▸ TASK GOAL
Starting at the line holding "2、接下来在出现的功能列表里" and finishing at the line holding "Resonance’, is a", transcribe the material exactly, keeping both ends but no pictures.
Top of DATA SUPPLIED
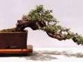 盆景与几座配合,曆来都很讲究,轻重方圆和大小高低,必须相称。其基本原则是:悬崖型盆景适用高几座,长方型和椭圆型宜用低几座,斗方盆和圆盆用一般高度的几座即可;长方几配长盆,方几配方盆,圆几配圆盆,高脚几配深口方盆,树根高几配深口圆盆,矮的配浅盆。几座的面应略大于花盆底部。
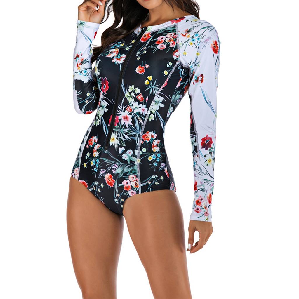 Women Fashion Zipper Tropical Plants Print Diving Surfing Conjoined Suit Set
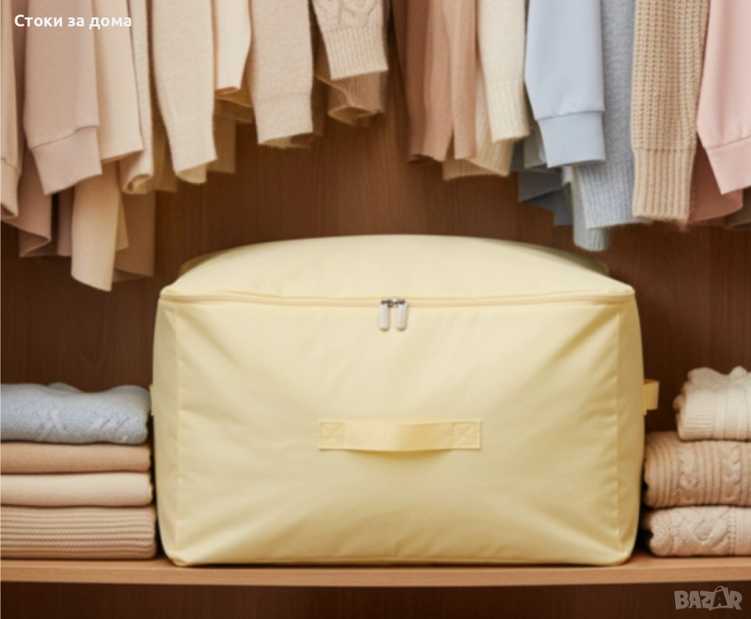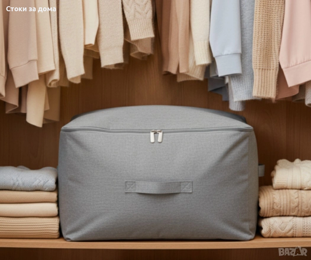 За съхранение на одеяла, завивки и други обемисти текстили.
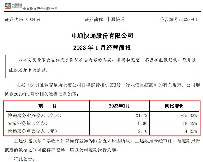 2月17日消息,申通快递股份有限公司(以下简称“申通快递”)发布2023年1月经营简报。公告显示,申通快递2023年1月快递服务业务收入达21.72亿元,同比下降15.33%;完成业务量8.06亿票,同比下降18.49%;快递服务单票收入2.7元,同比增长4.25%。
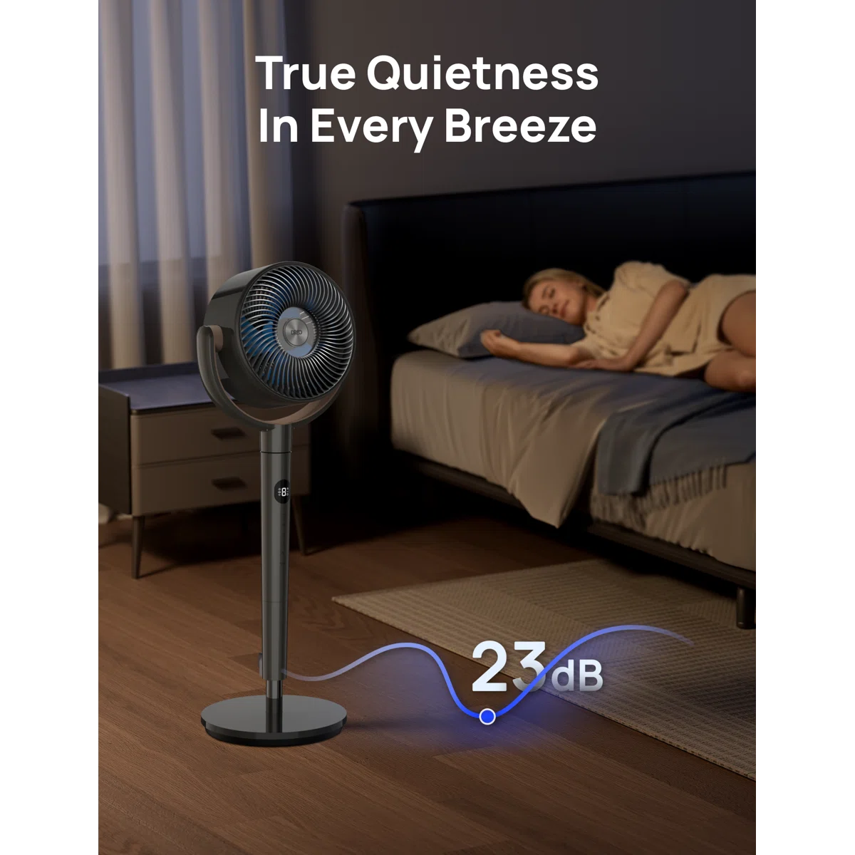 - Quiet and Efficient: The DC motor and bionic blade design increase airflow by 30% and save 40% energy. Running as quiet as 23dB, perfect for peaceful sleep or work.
Bottom of DATA SUPPLIED
Top of DATA SUPPLIED
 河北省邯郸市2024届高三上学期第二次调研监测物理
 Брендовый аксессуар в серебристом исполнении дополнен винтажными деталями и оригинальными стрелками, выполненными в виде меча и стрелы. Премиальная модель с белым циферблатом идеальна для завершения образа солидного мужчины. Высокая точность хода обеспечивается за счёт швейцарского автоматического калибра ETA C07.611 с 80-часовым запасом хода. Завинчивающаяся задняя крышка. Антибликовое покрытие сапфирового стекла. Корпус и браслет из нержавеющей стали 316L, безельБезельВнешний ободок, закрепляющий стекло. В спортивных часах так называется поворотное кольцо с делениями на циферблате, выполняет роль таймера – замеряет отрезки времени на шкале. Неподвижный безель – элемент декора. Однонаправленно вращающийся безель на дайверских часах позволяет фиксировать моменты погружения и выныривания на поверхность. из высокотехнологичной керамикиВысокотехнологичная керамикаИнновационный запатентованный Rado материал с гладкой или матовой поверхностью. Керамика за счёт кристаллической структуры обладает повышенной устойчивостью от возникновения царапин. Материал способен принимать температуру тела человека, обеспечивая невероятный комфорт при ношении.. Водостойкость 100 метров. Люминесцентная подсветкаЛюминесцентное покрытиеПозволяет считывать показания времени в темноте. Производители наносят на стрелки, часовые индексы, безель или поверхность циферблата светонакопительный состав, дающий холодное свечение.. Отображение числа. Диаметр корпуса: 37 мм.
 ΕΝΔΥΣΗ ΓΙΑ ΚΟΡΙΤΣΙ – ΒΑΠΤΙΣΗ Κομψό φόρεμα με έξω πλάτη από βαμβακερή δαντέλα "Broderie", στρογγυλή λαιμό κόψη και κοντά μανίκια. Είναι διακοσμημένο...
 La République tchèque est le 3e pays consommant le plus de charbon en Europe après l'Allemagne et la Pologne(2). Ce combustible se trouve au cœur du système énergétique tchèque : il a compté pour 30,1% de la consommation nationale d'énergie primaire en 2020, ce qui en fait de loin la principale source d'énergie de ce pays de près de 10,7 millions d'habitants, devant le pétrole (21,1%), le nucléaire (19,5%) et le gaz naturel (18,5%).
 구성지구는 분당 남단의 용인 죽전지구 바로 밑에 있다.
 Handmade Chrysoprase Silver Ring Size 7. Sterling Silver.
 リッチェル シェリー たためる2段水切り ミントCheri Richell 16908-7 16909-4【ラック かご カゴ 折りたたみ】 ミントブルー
Bottom of DATA SUPPLIED
Top of DATA SUPPLIED
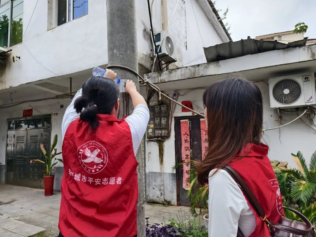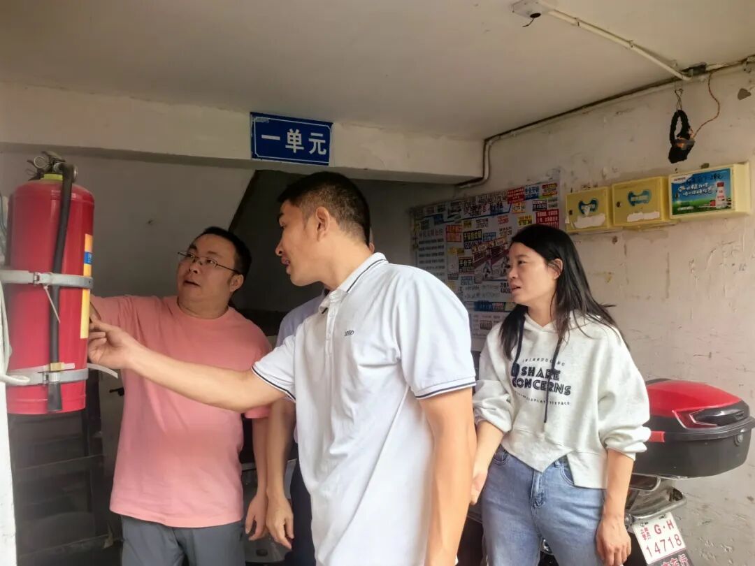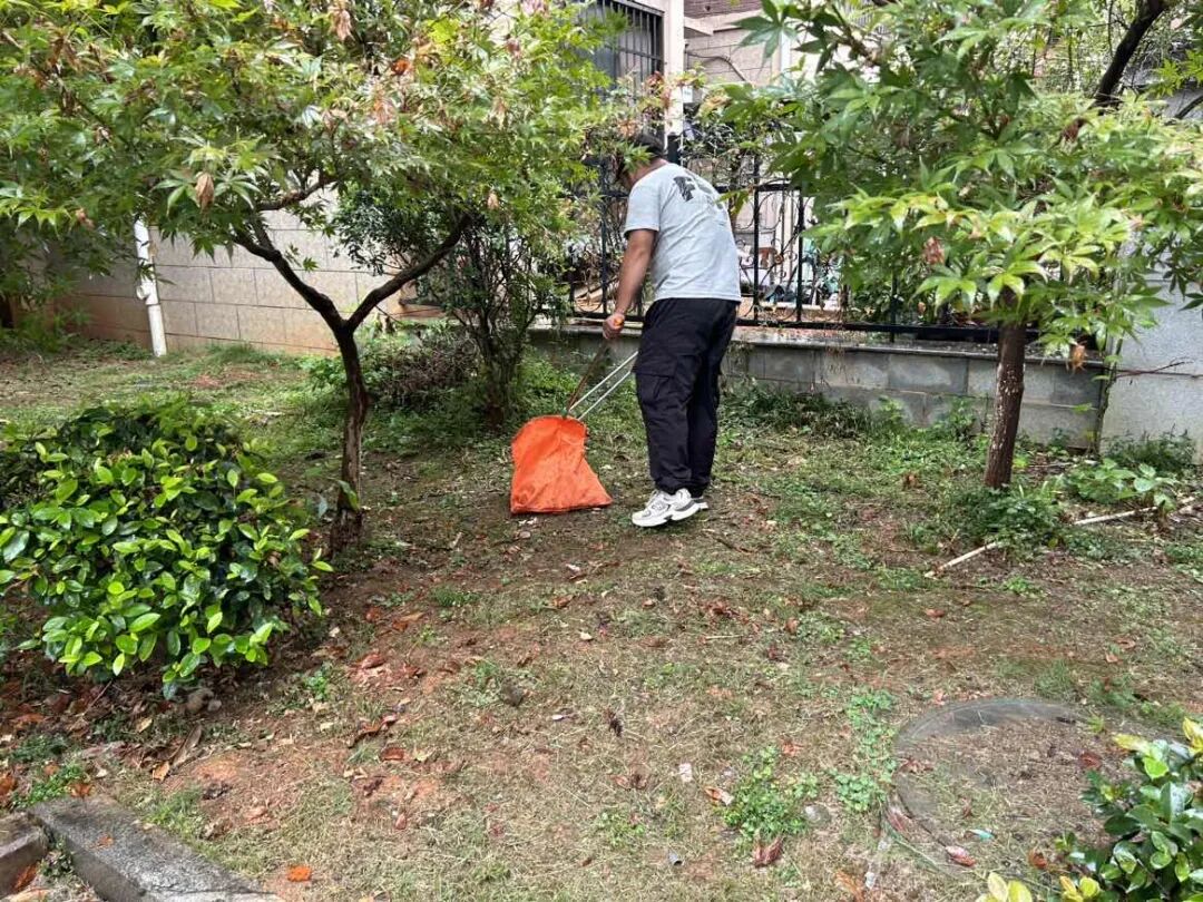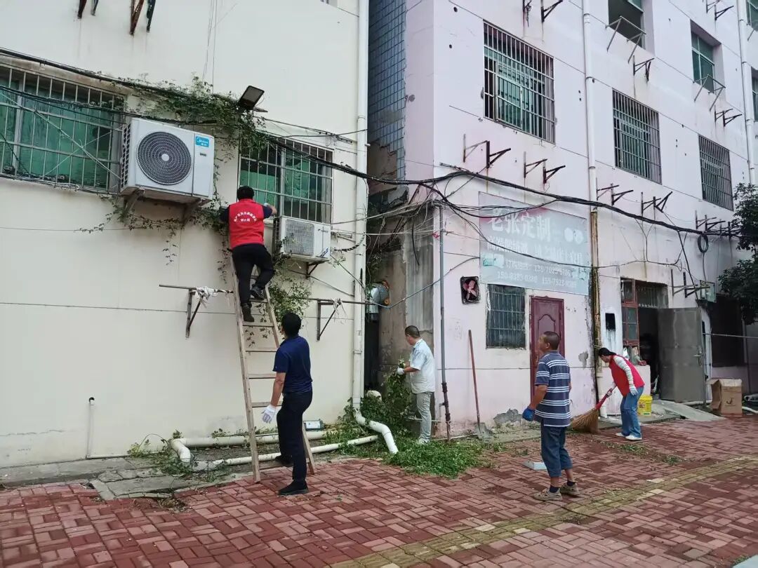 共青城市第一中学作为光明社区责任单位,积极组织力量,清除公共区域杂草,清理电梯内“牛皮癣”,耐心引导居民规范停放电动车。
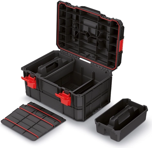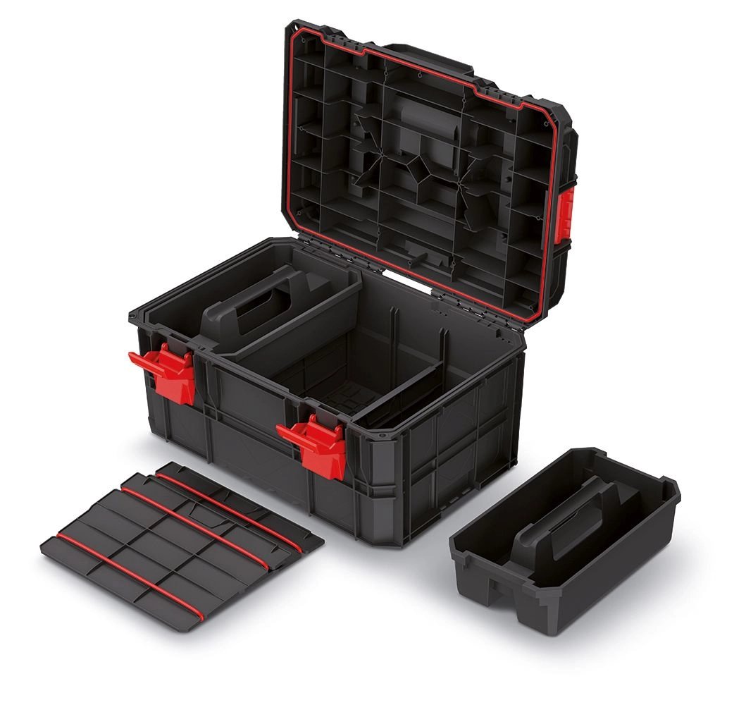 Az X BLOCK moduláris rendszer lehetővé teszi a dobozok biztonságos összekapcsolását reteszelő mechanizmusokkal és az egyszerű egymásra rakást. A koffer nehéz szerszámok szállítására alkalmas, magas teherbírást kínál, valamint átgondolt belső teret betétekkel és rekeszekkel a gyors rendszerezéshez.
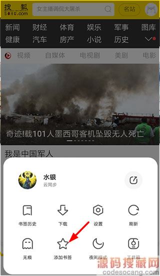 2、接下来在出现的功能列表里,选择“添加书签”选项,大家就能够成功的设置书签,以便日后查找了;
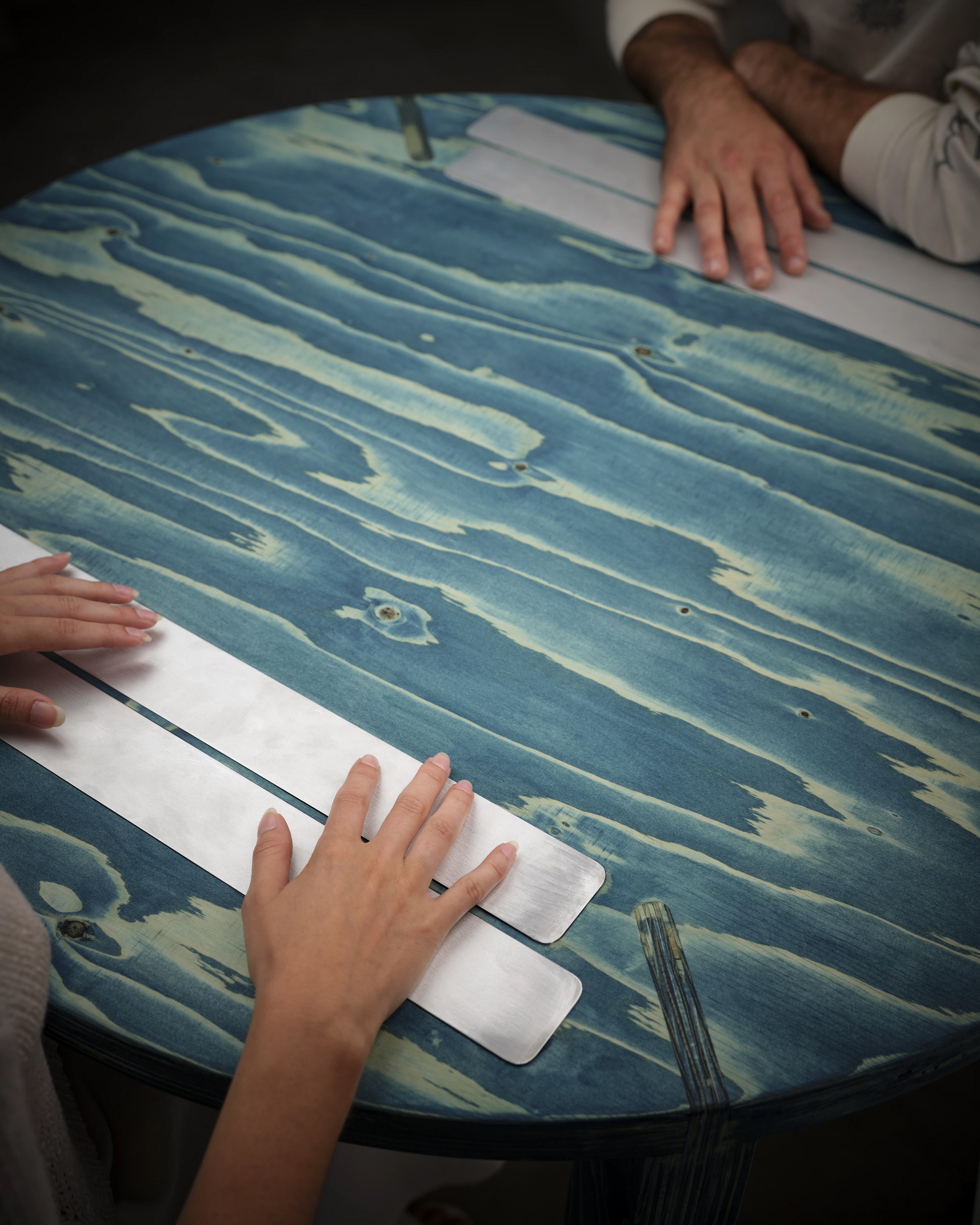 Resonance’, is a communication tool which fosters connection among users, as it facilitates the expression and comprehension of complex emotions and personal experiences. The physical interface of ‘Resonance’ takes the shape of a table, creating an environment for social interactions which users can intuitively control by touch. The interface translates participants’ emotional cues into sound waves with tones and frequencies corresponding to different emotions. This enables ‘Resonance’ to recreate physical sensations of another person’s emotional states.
Bottom of DATA SUPPLIED
▸ ANSWER FOR THE TASK
 2、接下来在出现的功能列表里,选择“添加书签”选项,大家就能够成功的设置书签,以便日后查找了;
 Resonance’, is a communication tool which fosters connection among users, as it facilitates the expression and comprehension of complex emotions and personal experiences. The physical interface of ‘Resonance’ takes the shape of a table, creating an environment for social interactions which users can intuitively control by touch. The interface translates participants’ emotional cues into sound waves with tones and frequencies corresponding to different emotions. This enables ‘Resonance’ to recreate physical sensations of another person’s emotional states.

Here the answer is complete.